NEW YORK (MainStreet) — The arbitration clause--or the arb clause--is often the bane of many consumers who want to seek redress for a grievance against a company in court. Arb clauses turn up anywhere from payday loan contracts to college enrollment agreements and prevent customers from suing. Rather than facilitate good-faith mediation, arb clauses have increasingly put the power to settle disputes in the hands of a company selling a product or service.
For-profit colleges have routinely included anti-student arb clauses in enrollment agreements. A bill introduced in Congress last week called the Court Legal Access & Student Support (CLASS) Act would attempt to stop this arbitration land grab by prohibiting schools from receiving federal student aid dollars that restrict students’ ability to pursue legal claims, individually or as part of a class action lawsuit.
The bill's proponents say that if the CLASS Act had been law, students defrauded by Corinthian colleges, which was shut down last week, would have been able to sue the school directly to have their student loans written off rather than take the more problematic route of going through the Department of Education (ED).
“For years, unscrupulous for-profit colleges have enriched themselves by devouring billions in federal student loan dollars while leaving students with worthless degrees and a mountain of debt,” said Senator Dick Durbin (D-Ill.), who introduced the bill with Rep. Maxine Waters. (D-Calif.)

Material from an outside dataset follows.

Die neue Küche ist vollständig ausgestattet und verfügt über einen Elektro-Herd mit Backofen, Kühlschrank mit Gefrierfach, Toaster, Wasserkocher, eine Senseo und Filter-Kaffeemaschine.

“Students have had little to no recourse, unable to hold these companies accountable in court because of the fine print in enrollment contracts,” Durbin stated.
“This legislation will help put an end to the use of mandatory arbitration clauses in federally funded school enrollment agreements – a trend that does nothing but protect the predatory institutions that are harming our children,” said Waters.

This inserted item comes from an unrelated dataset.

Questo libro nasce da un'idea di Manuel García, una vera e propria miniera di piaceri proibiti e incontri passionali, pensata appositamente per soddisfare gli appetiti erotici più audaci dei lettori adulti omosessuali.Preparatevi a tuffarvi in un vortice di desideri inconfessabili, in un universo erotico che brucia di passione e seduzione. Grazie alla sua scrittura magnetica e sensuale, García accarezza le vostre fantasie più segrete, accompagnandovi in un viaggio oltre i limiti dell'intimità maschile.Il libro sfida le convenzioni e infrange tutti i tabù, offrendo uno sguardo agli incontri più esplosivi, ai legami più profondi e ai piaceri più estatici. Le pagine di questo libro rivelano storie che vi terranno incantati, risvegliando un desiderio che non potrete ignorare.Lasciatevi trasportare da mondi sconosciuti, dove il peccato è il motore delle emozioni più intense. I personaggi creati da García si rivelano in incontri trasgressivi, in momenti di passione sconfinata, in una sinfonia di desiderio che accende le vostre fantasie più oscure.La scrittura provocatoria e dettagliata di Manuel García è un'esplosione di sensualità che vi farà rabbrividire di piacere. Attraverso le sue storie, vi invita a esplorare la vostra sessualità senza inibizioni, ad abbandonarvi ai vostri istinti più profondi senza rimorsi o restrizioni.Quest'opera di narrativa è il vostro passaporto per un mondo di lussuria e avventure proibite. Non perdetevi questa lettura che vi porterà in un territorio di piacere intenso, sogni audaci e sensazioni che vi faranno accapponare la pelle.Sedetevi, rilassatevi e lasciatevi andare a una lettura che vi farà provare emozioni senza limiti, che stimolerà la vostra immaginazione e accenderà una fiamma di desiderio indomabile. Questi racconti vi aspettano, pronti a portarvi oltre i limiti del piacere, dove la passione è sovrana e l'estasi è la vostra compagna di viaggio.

According to Lauren Saunders, managing attorney at the National Consumer Law Center, the bill would invalidate the arbitration clauses, which hamstring the customer when it comes to seeking redress in the courts by denying them access while the lender calls the shots.
"The fine print of many contracts prohibits consumers from taking a company to court if the company violates the law," said Saunders. "Instead, the dispute must be resolved before a private arbitrator who is usually paid by the company, does not have to follow the facts or the law, and is not reviewed by an impartial judge." The fine print also typically bans class actions and prevents a court or the arbitrator from ordering a company to compensate all of the people who were harmed.
Trying to get consumer-friendly legislation through the Republican-dominated Congress may be a fraught exercise, but leveling the playing field for students has become a bi-partisan pre-occupation, especially for for-profit colleges that have been getting over on taxpayers.
What's more, ECMC Group, a student loan debt collector and a not-for-profit company, bought 56 former Corinthian College campuses before last week’s shutdown of its remaining locations. ECMC Group, which has created its Zenith Education subsidiary to run the former Corinthian schools, has adopted similar provisions that limit arbitration in its enrollment agreements.